Mine's on the UPS truck at the moment which means it'll get here some time between noon and maybe 8PM. I'm hoping sooner rather than later.

----------


## Markus

I saw that one and felt a strong desire for more spending money, Brent ... glad you got it!

I hope you have many enjoyable years together.

Regarding the strap button, I had one put into my Breedlove's neck [bolt on] and had them follow the directions for the button location provided by the maker [http://breedlovemusic.com/resources/...-install.html]. 

That all said, not sure if they are located in the same location on a Gibson ... but it's a start.

----------


## Brent Hutto

Markus,

Thanks for that link. It may be that Breedlove's neck area has a bit more wood than my Gibsons but when it comes I'll see if those measurements lead me into a likely-looking spot. 

I had a button installed for me on my first guitar and we knew there was some hardware in there. The guitar tech just drilled the pilot hole real slowly and as it turned out we just touched metal at the same depth as need for the screw.
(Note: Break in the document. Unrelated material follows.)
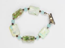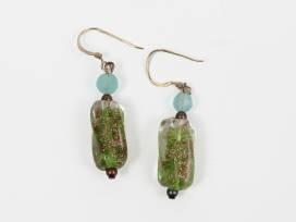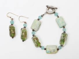This blue and green glass beaded necklace set will make you feel like you're at the beach. Gold flecks run throughout. Made with silver and blue beads.

He said if the metal had been shallower we could have just used a slightly shorter screw. But still, best to dodge it all together if possible.

I'm also going to use a magnet to feel around a bit and see if I can detect the bolt(s).

----------


## fatt-dad

> <snip>So if my Gibson-speak is correct an A-Jr. is an oval hole, short necked one right?
> <bigger snip>


The A5-jr is a typical 15 fret neck, f-hole, a-model mandolin with parallel tone bars. In the same year they also had the A5-1 and fancier A5-2, which were identical (mostly) but with x-braced tone bars.

f-d

----------


## birdman98

> Hey Brent,
> 
> Thanks again for the tailpiece. Glad I could help fund your new mando purchase.
> 
> I have a Carlson '84 Flatiron A-Jr. that I think has great sound. Even with light-gauged strings it has a mighty chop, clear highs, and sounds awesome. I'm thinking of putting the tailpiece on it (or my 'zouk)
> 
> I'm not sure how to post soundclips, or I would.


Hey Chris....I sold that mandolin to you.  How's it treating ya?  Sounds like the top stabilized?  I REALLY miss that little monster!

----------


## Bill Van Liere

f-d speaks the truth as always, love those A-Jrs. I use lighter strings on mine also (GHS A250) with chop o'plenty, but I usually use it for Celtic stuff.

good luck with the A-5G Brent, I have seen a few good'uns over at Elderly.

----------


## fatt-dad

I use the EXP-74s on my A5-1.  Love the A250s on my pancake though!

f-d

----------


## Chuck Naill

> I'm buying the A-5G that was listed today in the classifieds.:


Just saw this Brent, sorry to be late in sending my congratulations.

----------


## Brent Hutto

Well, everyone, it's here! Arrived in good shape and I unboxed and opened it up out on the front porch since it had been riding around in a hot UPS truck for 12 hours today.

Too early to tell much about the sound until it acclimates but I do know I like it. Hopefully tomorrow evening I can do a quick recording or video clip to show it off. Bill said I could send it back if I didn't like it but that ain't a-gonna happen. Especially since I went ahead and put a shiny new strap button on the neck.

P.S. to Chuck: In the end, the idea of an oval-hole couldn't win out over the fact I just love me some ff-hole A-5's.  :Grin: 

P.P.S. Just a quickie snapshot of it hanging around in its new home (with its new strap).

----------


## Chuck Naill

Beautiful, Brent. Enjoy!! :Wink:

----------


## Brent Hutto

Looks like my enjoyment will be put off for a while. I just did some that in retrospect must have been stupid. I noticed the bridge was leaning slightly forward. So without letting off the string tension I gave it a little push to see if it would straighten up. Not exactly.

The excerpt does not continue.